**Task to complete:** A single number is the answer here: how many lines below include "buttons"?

**Extracted data:**
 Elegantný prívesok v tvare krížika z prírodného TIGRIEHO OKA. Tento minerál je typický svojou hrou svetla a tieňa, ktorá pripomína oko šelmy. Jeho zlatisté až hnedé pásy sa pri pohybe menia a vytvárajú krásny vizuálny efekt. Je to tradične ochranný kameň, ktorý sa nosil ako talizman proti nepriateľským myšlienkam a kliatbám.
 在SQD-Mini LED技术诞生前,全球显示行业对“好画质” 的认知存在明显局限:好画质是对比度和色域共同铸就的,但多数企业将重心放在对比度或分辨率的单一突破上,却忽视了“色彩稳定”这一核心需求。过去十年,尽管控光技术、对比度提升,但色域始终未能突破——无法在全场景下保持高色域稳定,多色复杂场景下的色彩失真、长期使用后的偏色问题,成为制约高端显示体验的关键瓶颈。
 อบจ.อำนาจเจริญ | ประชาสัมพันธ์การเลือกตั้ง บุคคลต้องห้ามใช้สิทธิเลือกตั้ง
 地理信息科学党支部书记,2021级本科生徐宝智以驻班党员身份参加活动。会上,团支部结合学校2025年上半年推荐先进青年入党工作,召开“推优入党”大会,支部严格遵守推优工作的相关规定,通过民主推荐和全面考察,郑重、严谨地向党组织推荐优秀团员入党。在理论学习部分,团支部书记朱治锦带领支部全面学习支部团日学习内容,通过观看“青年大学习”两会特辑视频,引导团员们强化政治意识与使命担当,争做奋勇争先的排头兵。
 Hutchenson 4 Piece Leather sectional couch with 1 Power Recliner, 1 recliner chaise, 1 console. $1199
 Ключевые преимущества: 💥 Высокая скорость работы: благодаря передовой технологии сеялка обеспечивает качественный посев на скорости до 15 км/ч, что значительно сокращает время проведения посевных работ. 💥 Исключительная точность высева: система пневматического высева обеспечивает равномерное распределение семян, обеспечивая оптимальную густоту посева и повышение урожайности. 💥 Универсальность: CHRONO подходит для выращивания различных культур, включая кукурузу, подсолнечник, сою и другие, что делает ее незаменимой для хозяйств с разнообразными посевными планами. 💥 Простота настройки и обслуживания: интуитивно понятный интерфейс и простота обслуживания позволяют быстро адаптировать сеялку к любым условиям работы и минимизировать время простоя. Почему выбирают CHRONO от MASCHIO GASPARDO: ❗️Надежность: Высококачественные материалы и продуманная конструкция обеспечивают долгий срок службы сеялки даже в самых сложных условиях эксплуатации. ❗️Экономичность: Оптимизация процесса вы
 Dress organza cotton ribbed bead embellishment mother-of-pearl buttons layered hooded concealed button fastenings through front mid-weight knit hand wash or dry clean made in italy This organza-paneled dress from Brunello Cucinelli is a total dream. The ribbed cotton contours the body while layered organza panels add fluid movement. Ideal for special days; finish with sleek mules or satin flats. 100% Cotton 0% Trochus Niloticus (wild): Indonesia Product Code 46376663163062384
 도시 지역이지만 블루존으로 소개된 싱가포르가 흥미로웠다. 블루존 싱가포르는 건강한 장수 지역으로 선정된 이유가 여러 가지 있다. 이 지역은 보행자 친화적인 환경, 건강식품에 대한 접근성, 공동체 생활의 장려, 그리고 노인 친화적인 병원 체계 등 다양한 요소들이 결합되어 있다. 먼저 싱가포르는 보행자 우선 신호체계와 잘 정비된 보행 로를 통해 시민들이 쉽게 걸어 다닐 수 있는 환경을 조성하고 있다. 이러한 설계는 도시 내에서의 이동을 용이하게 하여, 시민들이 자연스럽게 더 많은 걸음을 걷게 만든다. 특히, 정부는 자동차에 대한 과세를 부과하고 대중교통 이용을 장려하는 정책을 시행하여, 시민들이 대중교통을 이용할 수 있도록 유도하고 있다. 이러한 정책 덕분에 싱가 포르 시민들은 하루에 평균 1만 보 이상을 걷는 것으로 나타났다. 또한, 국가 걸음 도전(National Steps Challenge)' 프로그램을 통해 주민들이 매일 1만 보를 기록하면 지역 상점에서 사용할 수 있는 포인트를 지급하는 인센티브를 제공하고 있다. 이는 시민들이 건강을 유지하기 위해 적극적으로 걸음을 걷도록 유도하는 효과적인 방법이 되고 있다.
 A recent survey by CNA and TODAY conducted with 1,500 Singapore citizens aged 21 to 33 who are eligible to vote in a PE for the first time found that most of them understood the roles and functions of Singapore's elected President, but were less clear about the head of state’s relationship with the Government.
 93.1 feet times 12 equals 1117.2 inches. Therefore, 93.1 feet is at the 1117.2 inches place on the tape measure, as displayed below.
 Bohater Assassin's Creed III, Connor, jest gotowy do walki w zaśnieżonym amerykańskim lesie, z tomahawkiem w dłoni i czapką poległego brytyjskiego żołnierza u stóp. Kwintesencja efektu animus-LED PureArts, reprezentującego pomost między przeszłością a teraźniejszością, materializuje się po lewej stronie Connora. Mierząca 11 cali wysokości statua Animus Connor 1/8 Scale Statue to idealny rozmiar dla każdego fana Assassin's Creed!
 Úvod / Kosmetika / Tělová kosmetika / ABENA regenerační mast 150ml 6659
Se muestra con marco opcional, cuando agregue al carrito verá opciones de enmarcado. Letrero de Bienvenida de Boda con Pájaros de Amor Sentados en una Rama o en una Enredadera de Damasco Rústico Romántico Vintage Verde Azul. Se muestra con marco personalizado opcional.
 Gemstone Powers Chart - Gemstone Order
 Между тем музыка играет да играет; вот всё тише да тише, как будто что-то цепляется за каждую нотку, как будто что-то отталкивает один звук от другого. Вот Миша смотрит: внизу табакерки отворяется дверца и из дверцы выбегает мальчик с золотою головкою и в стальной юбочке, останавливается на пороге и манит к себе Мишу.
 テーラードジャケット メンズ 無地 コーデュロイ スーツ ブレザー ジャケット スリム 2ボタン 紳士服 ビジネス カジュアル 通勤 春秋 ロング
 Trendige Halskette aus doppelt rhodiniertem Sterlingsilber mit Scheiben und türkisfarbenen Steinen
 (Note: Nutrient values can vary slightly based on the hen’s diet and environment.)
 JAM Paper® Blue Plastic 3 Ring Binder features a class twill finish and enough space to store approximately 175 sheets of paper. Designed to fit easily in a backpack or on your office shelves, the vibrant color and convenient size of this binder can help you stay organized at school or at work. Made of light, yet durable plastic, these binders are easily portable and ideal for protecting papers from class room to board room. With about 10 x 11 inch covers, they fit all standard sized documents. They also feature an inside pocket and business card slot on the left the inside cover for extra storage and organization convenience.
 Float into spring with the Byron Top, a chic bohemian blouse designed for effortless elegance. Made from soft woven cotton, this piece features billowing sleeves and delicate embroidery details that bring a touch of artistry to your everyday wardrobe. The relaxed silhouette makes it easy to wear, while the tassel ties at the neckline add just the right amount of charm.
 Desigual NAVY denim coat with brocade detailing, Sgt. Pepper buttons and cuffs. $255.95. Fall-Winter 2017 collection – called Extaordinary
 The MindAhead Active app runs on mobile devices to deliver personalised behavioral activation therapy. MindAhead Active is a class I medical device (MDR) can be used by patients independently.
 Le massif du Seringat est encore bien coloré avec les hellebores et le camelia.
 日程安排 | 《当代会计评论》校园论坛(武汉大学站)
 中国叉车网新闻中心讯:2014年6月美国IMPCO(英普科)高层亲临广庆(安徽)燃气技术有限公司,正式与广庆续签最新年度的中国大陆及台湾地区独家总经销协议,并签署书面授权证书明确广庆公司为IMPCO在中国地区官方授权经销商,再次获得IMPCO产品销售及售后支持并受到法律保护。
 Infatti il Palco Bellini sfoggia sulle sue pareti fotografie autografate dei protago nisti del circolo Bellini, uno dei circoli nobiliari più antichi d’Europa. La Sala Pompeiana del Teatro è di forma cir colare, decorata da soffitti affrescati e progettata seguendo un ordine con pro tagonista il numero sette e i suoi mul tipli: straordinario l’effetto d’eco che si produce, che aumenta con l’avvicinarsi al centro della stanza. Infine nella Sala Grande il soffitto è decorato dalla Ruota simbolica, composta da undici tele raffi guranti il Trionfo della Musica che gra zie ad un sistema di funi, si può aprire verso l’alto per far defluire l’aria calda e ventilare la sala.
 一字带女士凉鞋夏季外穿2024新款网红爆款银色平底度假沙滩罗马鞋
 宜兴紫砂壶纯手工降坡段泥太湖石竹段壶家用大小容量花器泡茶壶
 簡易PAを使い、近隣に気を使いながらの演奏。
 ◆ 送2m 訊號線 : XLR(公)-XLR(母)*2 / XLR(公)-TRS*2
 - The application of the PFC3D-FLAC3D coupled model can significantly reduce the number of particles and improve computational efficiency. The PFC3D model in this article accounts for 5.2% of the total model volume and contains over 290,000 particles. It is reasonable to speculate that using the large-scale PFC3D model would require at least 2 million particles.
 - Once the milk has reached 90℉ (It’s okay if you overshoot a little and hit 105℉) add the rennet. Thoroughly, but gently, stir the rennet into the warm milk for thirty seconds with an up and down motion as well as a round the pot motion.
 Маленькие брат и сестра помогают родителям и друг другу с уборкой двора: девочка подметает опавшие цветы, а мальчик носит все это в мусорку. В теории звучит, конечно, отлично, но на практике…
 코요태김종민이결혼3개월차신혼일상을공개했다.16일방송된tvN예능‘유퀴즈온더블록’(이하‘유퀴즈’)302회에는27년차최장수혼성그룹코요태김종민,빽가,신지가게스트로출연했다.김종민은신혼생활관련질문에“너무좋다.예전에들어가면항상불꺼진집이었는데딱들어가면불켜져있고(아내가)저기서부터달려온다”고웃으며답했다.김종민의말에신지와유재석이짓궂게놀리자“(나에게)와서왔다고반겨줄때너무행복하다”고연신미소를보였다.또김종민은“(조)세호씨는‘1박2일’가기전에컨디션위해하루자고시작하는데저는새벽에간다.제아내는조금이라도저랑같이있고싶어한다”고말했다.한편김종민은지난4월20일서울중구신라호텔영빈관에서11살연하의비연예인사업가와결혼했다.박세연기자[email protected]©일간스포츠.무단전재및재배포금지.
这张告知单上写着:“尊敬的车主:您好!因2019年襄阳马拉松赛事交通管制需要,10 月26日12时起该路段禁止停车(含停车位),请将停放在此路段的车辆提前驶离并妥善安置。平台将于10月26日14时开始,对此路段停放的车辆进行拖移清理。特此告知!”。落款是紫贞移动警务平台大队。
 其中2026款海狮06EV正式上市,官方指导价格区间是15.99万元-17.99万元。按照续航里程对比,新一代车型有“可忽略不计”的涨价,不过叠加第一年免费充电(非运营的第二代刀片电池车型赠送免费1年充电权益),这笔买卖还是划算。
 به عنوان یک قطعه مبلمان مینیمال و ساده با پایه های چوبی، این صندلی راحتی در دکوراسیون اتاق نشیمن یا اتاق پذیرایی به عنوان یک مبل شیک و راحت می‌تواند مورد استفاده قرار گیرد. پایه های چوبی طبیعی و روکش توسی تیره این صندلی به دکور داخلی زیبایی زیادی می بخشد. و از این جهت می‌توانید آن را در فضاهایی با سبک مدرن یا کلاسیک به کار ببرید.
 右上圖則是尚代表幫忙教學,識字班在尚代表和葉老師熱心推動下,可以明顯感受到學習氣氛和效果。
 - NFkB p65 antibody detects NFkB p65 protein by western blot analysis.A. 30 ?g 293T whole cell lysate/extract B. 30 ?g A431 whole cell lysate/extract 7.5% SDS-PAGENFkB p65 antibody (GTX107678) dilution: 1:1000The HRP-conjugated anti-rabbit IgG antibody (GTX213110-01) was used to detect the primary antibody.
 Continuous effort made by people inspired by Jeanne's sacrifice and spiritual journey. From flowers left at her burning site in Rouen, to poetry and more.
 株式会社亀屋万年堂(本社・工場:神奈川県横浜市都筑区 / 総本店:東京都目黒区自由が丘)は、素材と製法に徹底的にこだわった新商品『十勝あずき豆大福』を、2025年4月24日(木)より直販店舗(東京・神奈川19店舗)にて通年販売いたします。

**Result of this task:** 2